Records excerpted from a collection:
>>>>
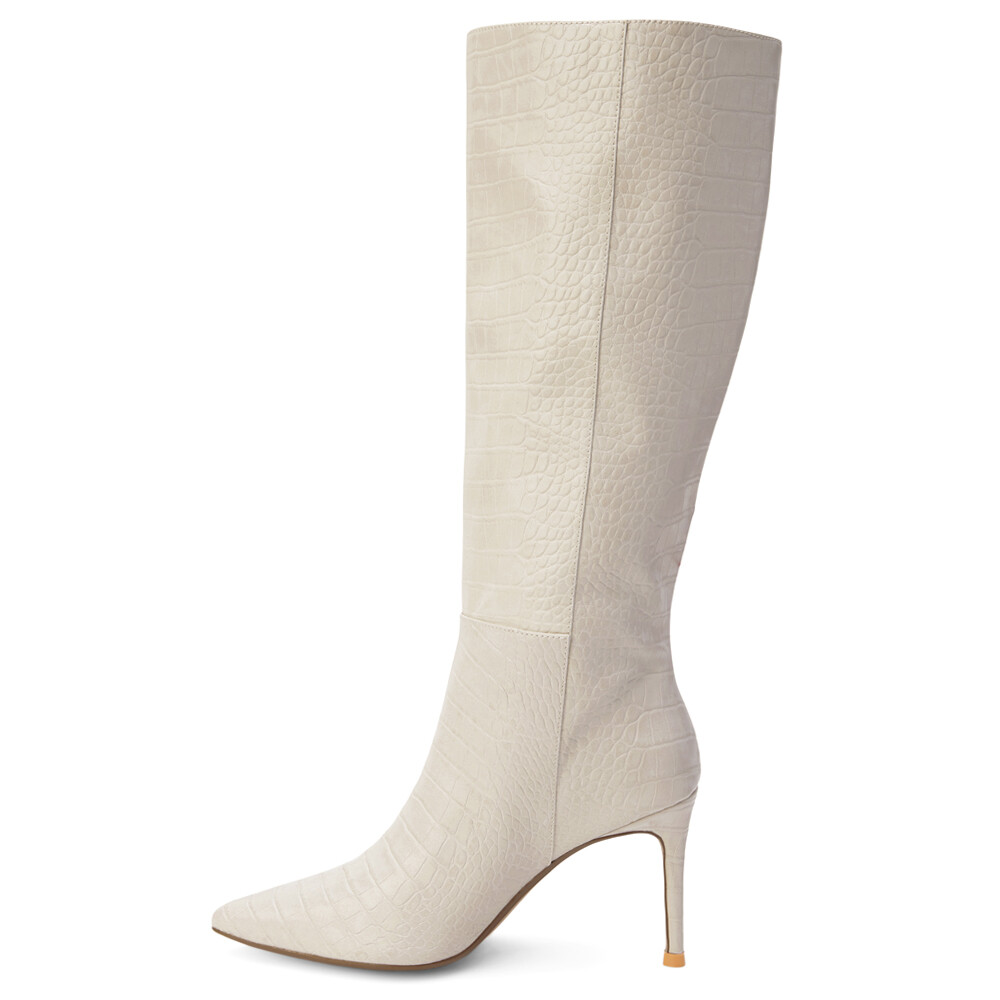 Alina Croc Pointed Toe Pull On Boots Product Details Synthetic upper Pull on entry with zippered closure Cushioned footbed for comfort Rubber outsole Heel Height: 2.5 inches, Shaft Height: 6 inches, Circumference: 10 inches Get this vegan, tall boot on a stiletto heel from your favorite shoe place Coconuts by Matisse! Additional Details Color: Off White Occasion: Casual Gender: Womens Age: Adult Brand: COCONUTS by Matisse
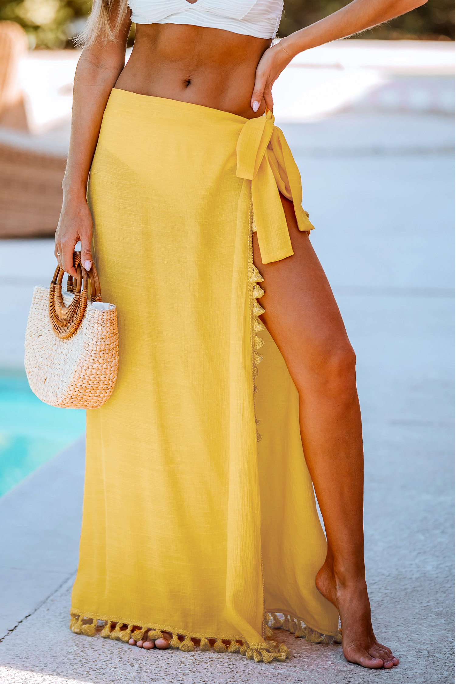 Canary Sheer Tassel Trim Maxi Cover-Up
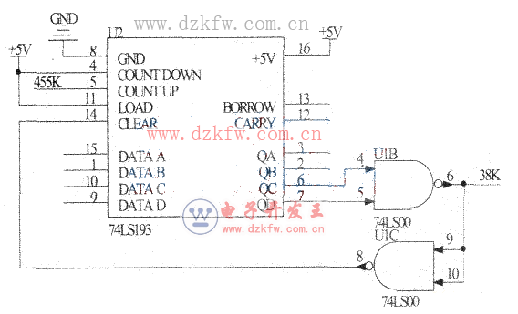 要得到38Khz信號,需要對455KHz信號進行12分頻,電路如下圖所示,計數芯片選用74LS193。
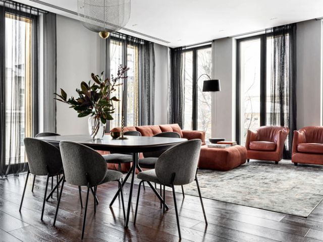 В квартире выполнена премиальная дизайнерская отделка с использованием высококачественных и натуральных материалов, таких как: натуральный мрамор, анодированная бронза, натуральный итальянский шпон, анодированная латунь.
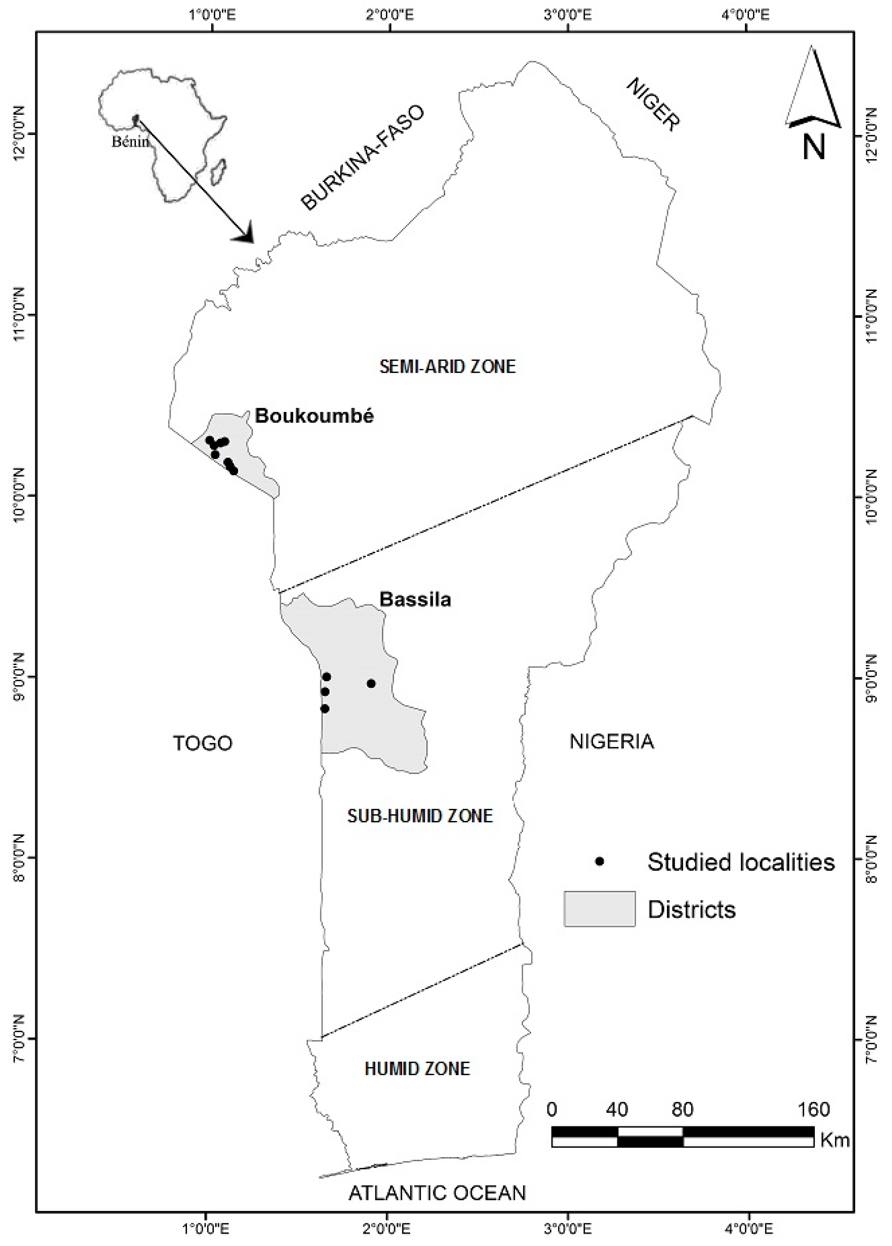 - INSAE. Cahiers des Villages et Quartiers de Ville des Départements de l’Atacora et de la Donga; Direction des Etudes Démographiques, Institue National de Statistique Appliquée et d’Economie (INSAE): Cotonou, Bénin, 2004. [Google Scholar]
<<<<
:: WHAT YOU ARE ASKED TO DO ::
The response should consist of the lines above from the first through the one containing "要得到38Khz信號,需要對", transcribed exactly, with every picture left out.

:: COMPLETED TASK ::
 Alina Croc Pointed Toe Pull On Boots Product Details Synthetic upper Pull on entry with zippered closure Cushioned footbed for comfort Rubber outsole Heel Height: 2.5 inches, Shaft Height: 6 inches, Circumference: 10 inches Get this vegan, tall boot on a stiletto heel from your favorite shoe place Coconuts by Matisse! Additional Details Color: Off White Occasion: Casual Gender: Womens Age: Adult Brand: COCONUTS by Matisse
 Canary Sheer Tassel Trim Maxi Cover-Up
 要得到38Khz信號,需要對455KHz信號進行12分頻,電路如下圖所示,計數芯片選用74LS193。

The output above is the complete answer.